§ WHAT TO WORK ON
Look below for the line containing "경남 산청과 경북 의성의" and the line containing "想去金融机构实习么?那就上《", then set down both and every line between them exactly, without pictures.

§ RECORDED DATA
────────────────────────────────────────
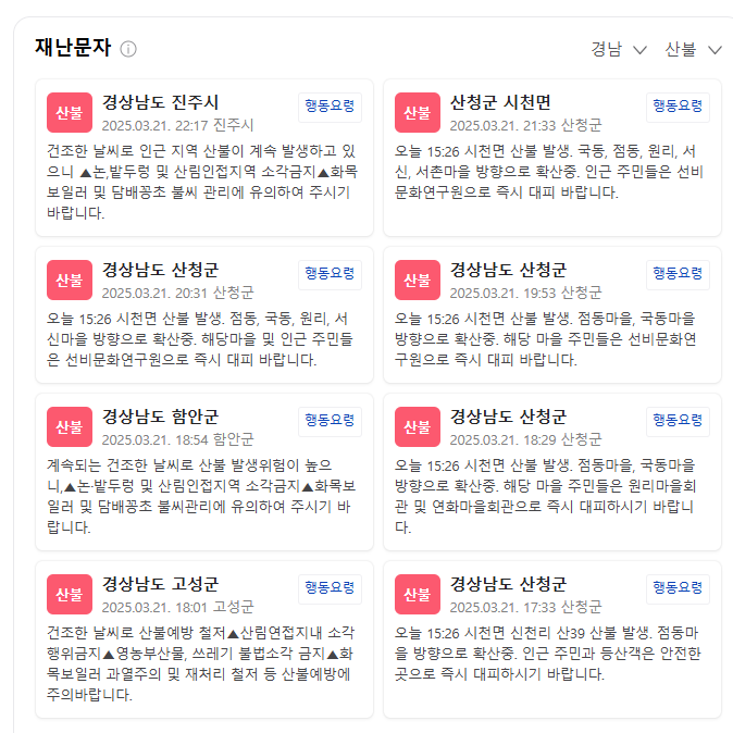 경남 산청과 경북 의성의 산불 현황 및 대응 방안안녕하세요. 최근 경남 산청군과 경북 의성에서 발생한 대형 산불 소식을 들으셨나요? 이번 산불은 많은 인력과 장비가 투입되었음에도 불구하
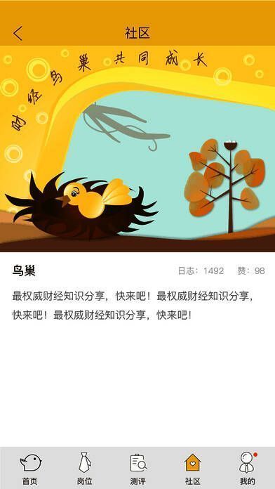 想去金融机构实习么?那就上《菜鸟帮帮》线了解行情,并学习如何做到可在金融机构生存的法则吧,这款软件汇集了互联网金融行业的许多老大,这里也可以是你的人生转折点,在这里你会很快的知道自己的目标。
────────────────────────────────────────
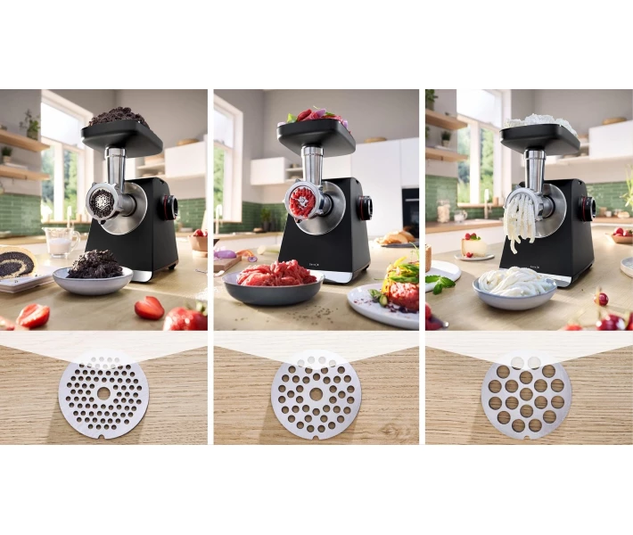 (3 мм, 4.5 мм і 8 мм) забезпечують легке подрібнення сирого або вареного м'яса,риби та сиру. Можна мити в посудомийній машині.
────────────────────────────────────────
§ EXERCISE ANSWER
 경남 산청과 경북 의성의 산불 현황 및 대응 방안안녕하세요. 최근 경남 산청군과 경북 의성에서 발생한 대형 산불 소식을 들으셨나요? 이번 산불은 많은 인력과 장비가 투입되었음에도 불구하
 想去金融机构实习么?那就上《菜鸟帮帮》线了解行情,并学习如何做到可在金融机构生存的法则吧,这款软件汇集了互联网金融行业的许多老大,这里也可以是你的人生转折点,在这里你会很快的知道自己的目标。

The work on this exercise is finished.